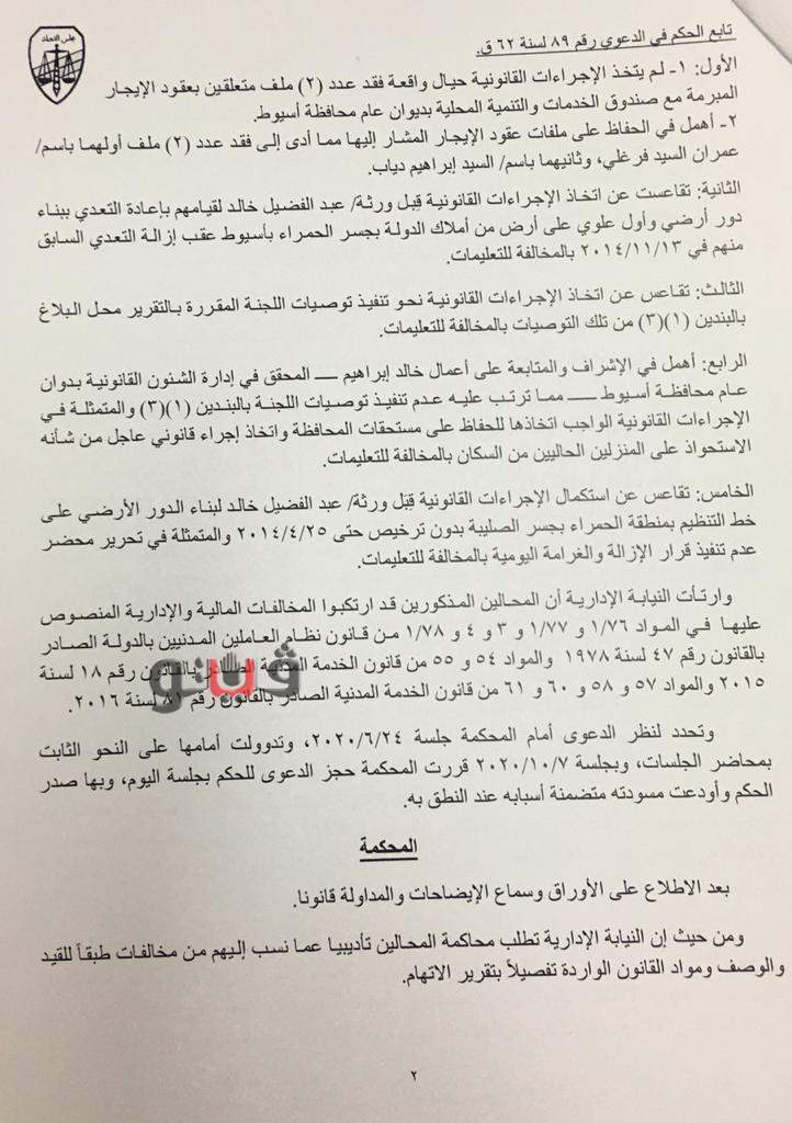 وشمل الحكم بعدم الإختصاص عواطف نسيم إبراهيم، مسئول أملاك الدولة بالوحدة المحلية لحي شرق أسيوط، والتي اتهمتها النيابة الإدارية بالتقاعس عن اتخاذ الإجراءات القانونية بشأن ورثة عبد الفضيل خالد لقيامهم بإعادة التعدي بالبناء على أرض أملاك الدولة عقب إزالة التعدي السابق منهم.
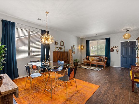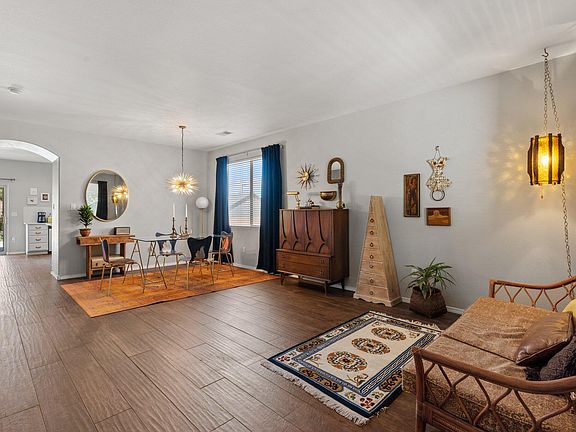 Tastefully styled w/ a mid-century modern flair, this Ventana Ranch property is well appointed & move in ready! Dark wood-tile flooring in the living areas & kitchen on the main level. The kitchen is open with white cabinetry, white quartz countertops, brass hardware, stainless appliances, trough sink & mini-subway tile backsplash! All bedrooms & a well-sized loft are located upstairs. The primary suite has a French Door entry, window seat w/ views, the primary bathroom has a garden tub, separate shower, double sinks & large walk-in closet. The backyard has cherry, pomegranate & peach trees- there's also grape vines, rosemary + open & covered patio spaces. Located with easy access to trails, parks, Paseo Del Norte, restaurants & more! Schedule your private showing w/ a Realtor today!
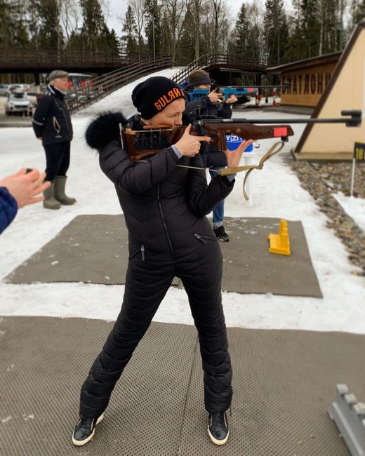 «Дебют в такой примечательный день, 8 Марта! Постреляли на биатлонном поле. И вот, с первого выстрела (в жизни!) из положения лежа попала в 5 из 5! Восторгу не было предела! Из положения стоя было прицелиться посложнее, получилось 4 из 5! А потом уже увлеклась тонкостями и деталями тренировки. Еще раз убеждаюсь, как же много зависит именно от тренера! Алексей ненавязчиво, но требовательно, тихим, но уверенным голосом «влюбил» в процесс, раскрыл «примочки»: стоим по второй джазовой позиции, «падаем» на бедро, приподнимаем локоть, делаем из пальцев «галочку». Отличная и удивительно комфортная позиция! Вперед, друзья! И девушкам рекомендую, так «перезаряжает»!» — поделилась впечатлениями Олеся в микроблоге.
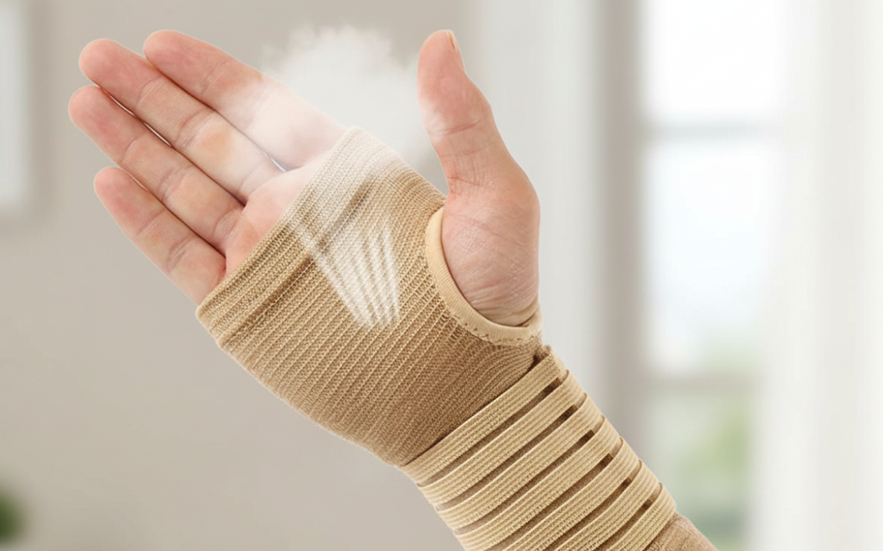 Denne bandasjen gjør at håndleddene mine føles mye bedre etter en lang dag med pakking av esker. Den klør ikke i det hele tatt.
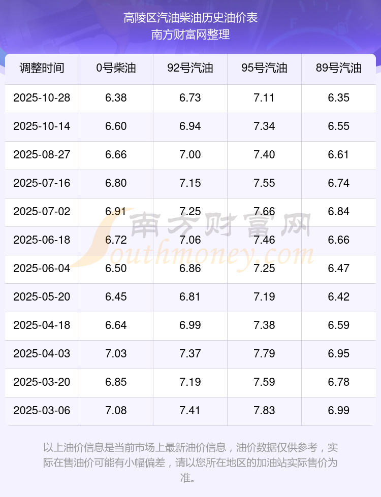 2025年高陵區(qū)汽油價(jià)格一覽表
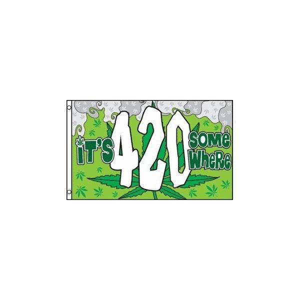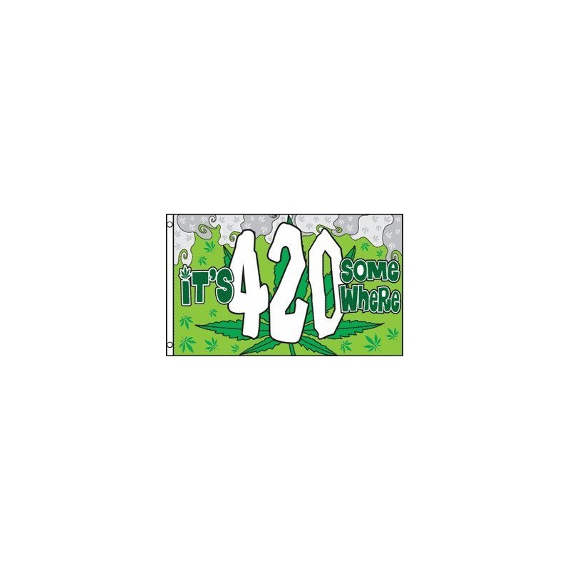 Our 3x5ft Polyester It's 4:20 Somewhere Flag has header tape and 2 metal grommets Flag is dye-sublimated with beautiful bold colors. Printed on one side all the way through the fabric. Double-stitched around all edges with 4 rows of stitching on fly edge.
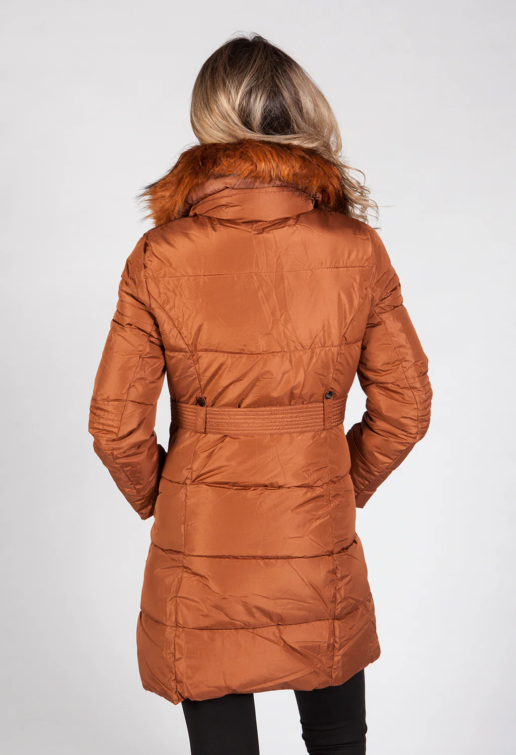 Light Brown Belted Coat with Detachable Faux Fur Collar
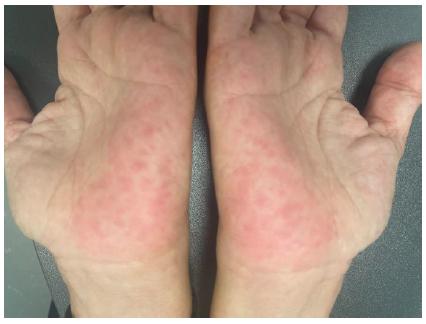 5 Sow Y, Wachuku C, Barrera T, Jackson T, Ayoade K, Taylor S, et al. Palmar and plantar erythema: An initial presentation of undifferentiated connective tissue disease. Journal of American Academy of Dermatology Case Reports. 2023; 35: 94-97. DOI:10.1016/j.jdcr.2023.03.007
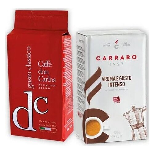 Кофе молотый Don Carlos gusto classico 250 гр в/у + Carraro Aroma e Gusto Intenso 250 гр в/у
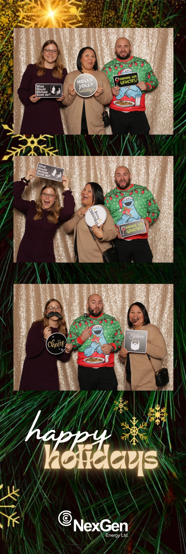 The NexGen Holiday Party 2023, held at the elegant Remai Modern, was a seamless blend of festive revelry and corporate sophistication, and True North Photo Booth added a touch of sparkle to this distinctive corporate celebration. The 2X6 custom photo strips became instant treasures, capturing the joy and camaraderie that marked NexGen’s celebration of the holiday season. Against the backdrop of the sophisticated Champagne Sequin Backdrop, every photo was a glitzy reflection of the company’s success and the high spirits of the holiday.
■ ■ ■ ■ ■ ■ ■
## Work request:
Pictures are to be left out. Everything else in the records must be written out exactly.

## Exercise solution:
 وشمل الحكم بعدم الإختصاص عواطف نسيم إبراهيم، مسئول أملاك الدولة بالوحدة المحلية لحي شرق أسيوط، والتي اتهمتها النيابة الإدارية بالتقاعس عن اتخاذ الإجراءات القانونية بشأن ورثة عبد الفضيل خالد لقيامهم بإعادة التعدي بالبناء على أرض أملاك الدولة عقب إزالة التعدي السابق منهم.
 Tastefully styled w/ a mid-century modern flair, this Ventana Ranch property is well appointed & move in ready! Dark wood-tile flooring in the living areas & kitchen on the main level. The kitchen is open with white cabinetry, white quartz countertops, brass hardware, stainless appliances, trough sink & mini-subway tile backsplash! All bedrooms & a well-sized loft are located upstairs. The primary suite has a French Door entry, window seat w/ views, the primary bathroom has a garden tub, separate shower, double sinks & large walk-in closet. The backyard has cherry, pomegranate & peach trees- there's also grape vines, rosemary + open & covered patio spaces. Located with easy access to trails, parks, Paseo Del Norte, restaurants & more! Schedule your private showing w/ a Realtor today!
 «Дебют в такой примечательный день, 8 Марта! Постреляли на биатлонном поле. И вот, с первого выстрела (в жизни!) из положения лежа попала в 5 из 5! Восторгу не было предела! Из положения стоя было прицелиться посложнее, получилось 4 из 5! А потом уже увлеклась тонкостями и деталями тренировки. Еще раз убеждаюсь, как же много зависит именно от тренера! Алексей ненавязчиво, но требовательно, тихим, но уверенным голосом «влюбил» в процесс, раскрыл «примочки»: стоим по второй джазовой позиции, «падаем» на бедро, приподнимаем локоть, делаем из пальцев «галочку». Отличная и удивительно комфортная позиция! Вперед, друзья! И девушкам рекомендую, так «перезаряжает»!» — поделилась впечатлениями Олеся в микроблоге.
 Denne bandasjen gjør at håndleddene mine føles mye bedre etter en lang dag med pakking av esker. Den klør ikke i det hele tatt.
 2025年高陵區(qū)汽油價(jià)格一覽表
 Our 3x5ft Polyester It's 4:20 Somewhere Flag has header tape and 2 metal grommets Flag is dye-sublimated with beautiful bold colors. Printed on one side all the way through the fabric. Double-stitched around all edges with 4 rows of stitching on fly edge.
 Light Brown Belted Coat with Detachable Faux Fur Collar
 5 Sow Y, Wachuku C, Barrera T, Jackson T, Ayoade K, Taylor S, et al. Palmar and plantar erythema: An initial presentation of undifferentiated connective tissue disease. Journal of American Academy of Dermatology Case Reports. 2023; 35: 94-97. DOI:10.1016/j.jdcr.2023.03.007
 Кофе молотый Don Carlos gusto classico 250 гр в/у + Carraro Aroma e Gusto Intenso 250 гр в/у
 The NexGen Holiday Party 2023, held at the elegant Remai Modern, was a seamless blend of festive revelry and corporate sophistication, and True North Photo Booth added a touch of sparkle to this distinctive corporate celebration. The 2X6 custom photo strips became instant treasures, capturing the joy and camaraderie that marked NexGen’s celebration of the holiday season. Against the backdrop of the sophisticated Champagne Sequin Backdrop, every photo was a glitzy reflection of the company’s success and the high spirits of the holiday.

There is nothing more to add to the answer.